This guide explains how Cloaked protects your account and how you can add additional layers of security using two-factor authentication (2FA) and your recovery key.
Cloaked is built with end-to-end encryption and a zero-knowledge architecture, which means only you can access your data. Because of this, it is important to enable the security features available to you and store your recovery key safely.
What is two-factor authentication (2FA)?
Two-factor authentication adds an extra verification step when signing in.
With 2FA enabled, anyone accessing your account must:
Enter your Cloaked password, and
Verify a one-time code sent to your email address or phone number
This means that even if someone learns your password, they cannot access your account without access to your email or phone.
We strongly recommend enabling 2FA if you store passwords, manage Cloaked identities, or access your account from multiple devices.
As a quick note, if you log in via text OTP to your phone number, this option isn’t available.
How to set up 2FA from the Cloaked dashboard
Log in to your Cloaked dashboard
Select your Profile icon → Settings
Choose Set up two-factor authentication
Enter your Cloaked password to confirm the change
Select Verify via email
Choose an existing verified email, or select Use a different email address
Enter the email address and select Continue
Enter the 6-digit verification code sent to that email
Select Verify code
Once verified, the email address will appear under your 2FA settings.
These same steps can be followed to set up SMS-based 2FA instead of email, if preferred.
How to set up 2FA from the Cloaked mobile app
Open the Cloaked app
Tap Settings → Account Security
Select Two-factor authentication → Set up two-factor authentication
Enter your Cloaked password and tap Continue
Select Verify via email
Choose a verified email or tap Use a different email address
Add the email address and tap Save
Enter the 6-digit code sent to that email
Tap Verify
Once complete, the email address will be available for 2FA verification.
Save Your Recovery Key
Your recovery key is a backup method for accessing your Cloaked account if you ever forget your password.
Because Cloaked uses end-to-end encryption, only you can unlock your account data. Cloaked cannot reset your password or access your encrypted information without your credentials.
If you lose your password, the recovery key allows you to reset it and regain access to your account without losing your stored identities, passwords, and other data.
For this reason, we strongly recommend downloading and saving your recovery key in a secure location.
Your Recovery Key should look similar to this example above.
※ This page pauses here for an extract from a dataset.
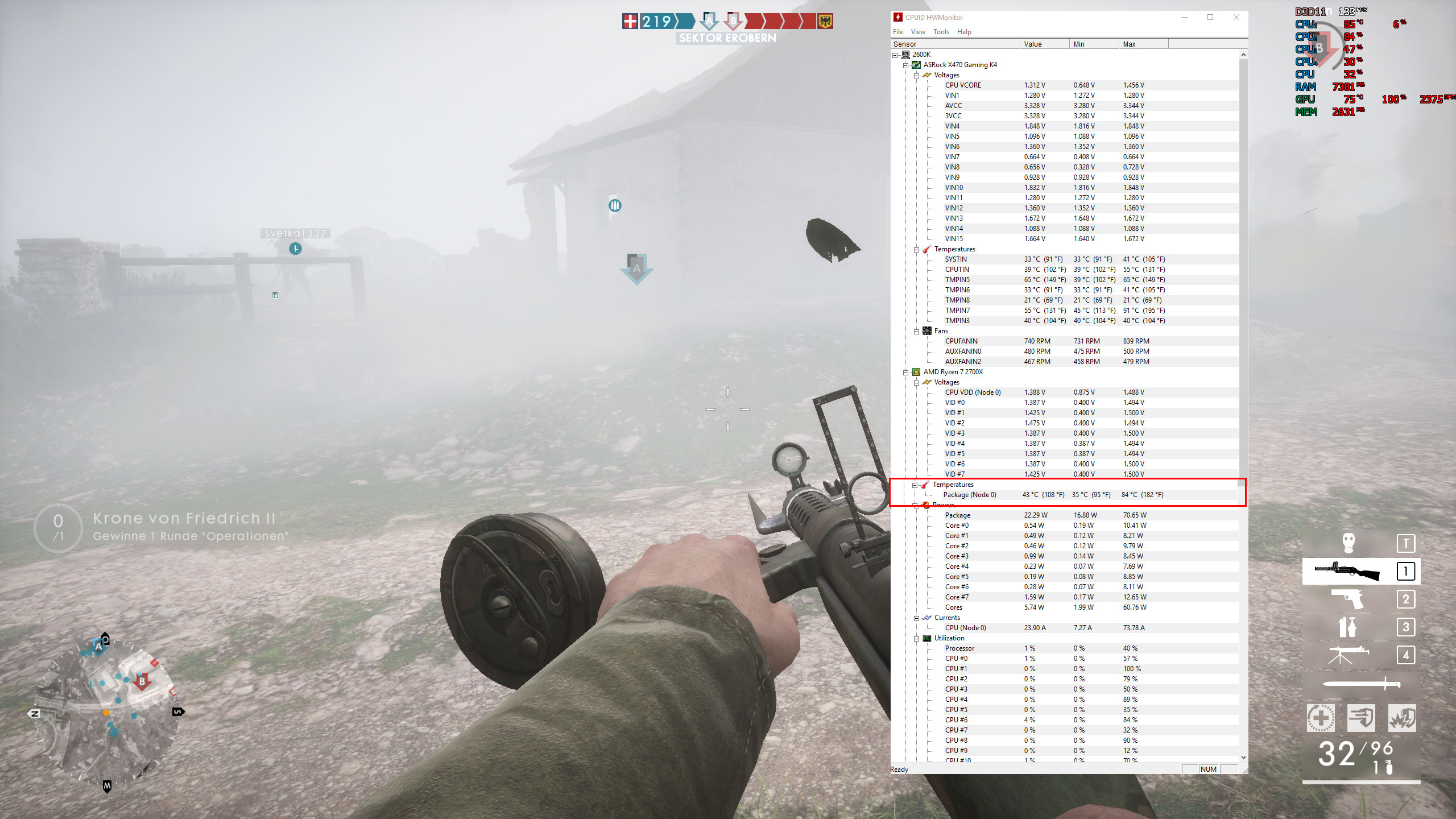 Nun musste ich aber feststellen das die Temperatur auch unter Spielen wie BF1 merkwürdig hoch sind. Bei BF1 habe ich kurzzeitig 85°C erreicht. Habe HWinfo im Hintergrund laufen lassen. Der Brocken3 läuft dann auch auf max Lüfterdrehzahl. Mit etwas über 1000 Umdrehungen.

How to save your recovery key
From the Cloaked dashboard
Select your Profile icon
Open Settings
Select Account Security
Choose Save Recovery Key
From the Cloaked mobile app
Open the Cloaked app
Tap Settings
Tap Account Security
Select Save Recovery Key
Your recovery key will download so you can store it safely.
Best practices for storing your recovery key
Your recovery key should be stored somewhere secure and accessible only to you. For example:
• A trusted password manager
• A secure file stored on your computer
• A printed copy stored in a safe or lockbox
Do not share your recovery key with anyone. Cloaked support will never ask for it.
Saving your recovery key ensures you can regain access to your account if you ever lose your password.